Minnie Cooper is the stage name of Aaron Farley, an Australian drag performer.

Career 
Cooper was born and raised in Granville, Sydney. She started out as a chorus singer in musicals before performing in drag when she was thirty-one years old.

She has been a semifinalist on the eighth season of Australia's Got Talent in 2016. In 2018 she was featured on All Together Now and Celebrity Name Game Australia. She also appeared in Season 4 of Jack Whitehall: Travels with My Father.

She has performed in front of Cher at the 2018 Mardi Gras parade, and in front of Kylie Minogue the following year.

She has won numerous DIVA (Drag Industry Variety Awards), including Entertainer of the Year, Sydney’s Favourite Drag Queen, and Choreographer of the Year.

In 2018, she starred in her own one-woman show, "From Chorus Boy to Leading Lady".

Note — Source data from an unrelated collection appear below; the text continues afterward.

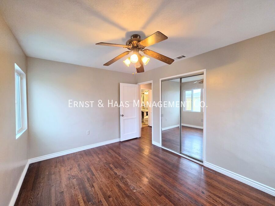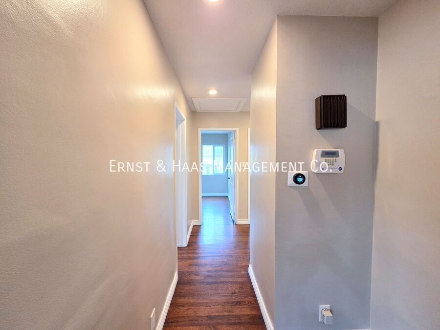 Lovely 3-bedroom, 1-bath home located in the highly desirable Wrigley Heights neighborhood of Long Beach, situated on a large corner lot with lush, California-native landscaping that is professionally maintained as part of the lease. The property features a detached two-car garage with remote opener and a spacious rear yard offering a lawn area, raised planters, and an extended covered patio—ideal for outdoor entertaining, barbecuing, or simply relaxing. Inside, the home offers rich hardwood floors and fresh paint throughout. The expansive living room is filled with natural light and features recessed lighting, large windows, and an adjoining dining area with a ceiling fan. The updated kitchen includes attractive oak cabinetry, refrigerator, stove, and dishwasher. A central hallway connects all three bedrooms and the bathroom, with each bedroom offering a ceiling fan and well-proportioned closet space. Pets are welcome. This property is equipped with a Codebox and can be viewed via the ShowMojo scheduled self-guided tour. To schedule a showing from the Ernst and Haas Management website, click on “Schedule a Showing”, then select a date and time from the ShowMojo available time slots. For more information on this or any other available property, please contact Ernst & Haas Management at , or visit us online at
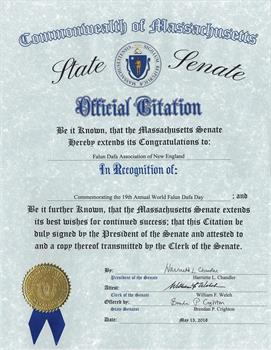 麻州参议院献上最美好的祝愿,祝不断取得成功。此褒奖状由参议院主席签署并由参议院秘书作证明和传递。
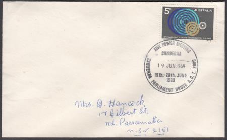 | 19-20 June 1969: Five Power Meeting, Canberra Parliament House (U.K., Australia, NA, Singapore, Malaysia) APM2760 on plain addressed cover affixed with grey, blue, purple, gold 5c ILO stamp cancelled "19 JUN 1969" FDU.
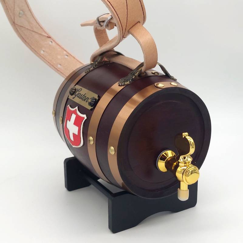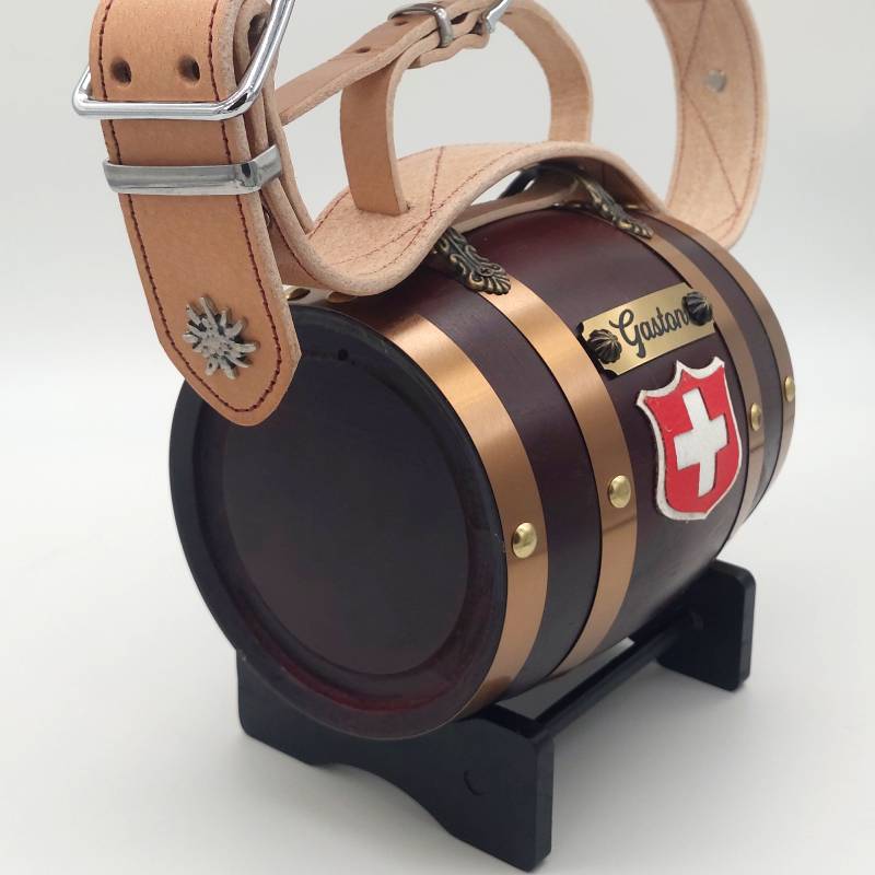 Een "Deluxe" uitvoering van het wereldberoemde Sint Bernard tonnetje. Prachtige beugels , siernagels, een lederen Zwitsers schild en een in het oog springend naamplaatje maken van dit tonnetje een pronkstuk.

In 2022, she competed on the second season of RuPaul's Drag Race Down Under. She was eliminated in the fourth episode, after having received negative critiques for her impersonation of Ellen DeGeneres in the Snatch Game and after having fought with several other contestants.

References

Living people
Australian drag queens
RuPaul's Drag Race Down Under contestants
Year of birth missing (living people)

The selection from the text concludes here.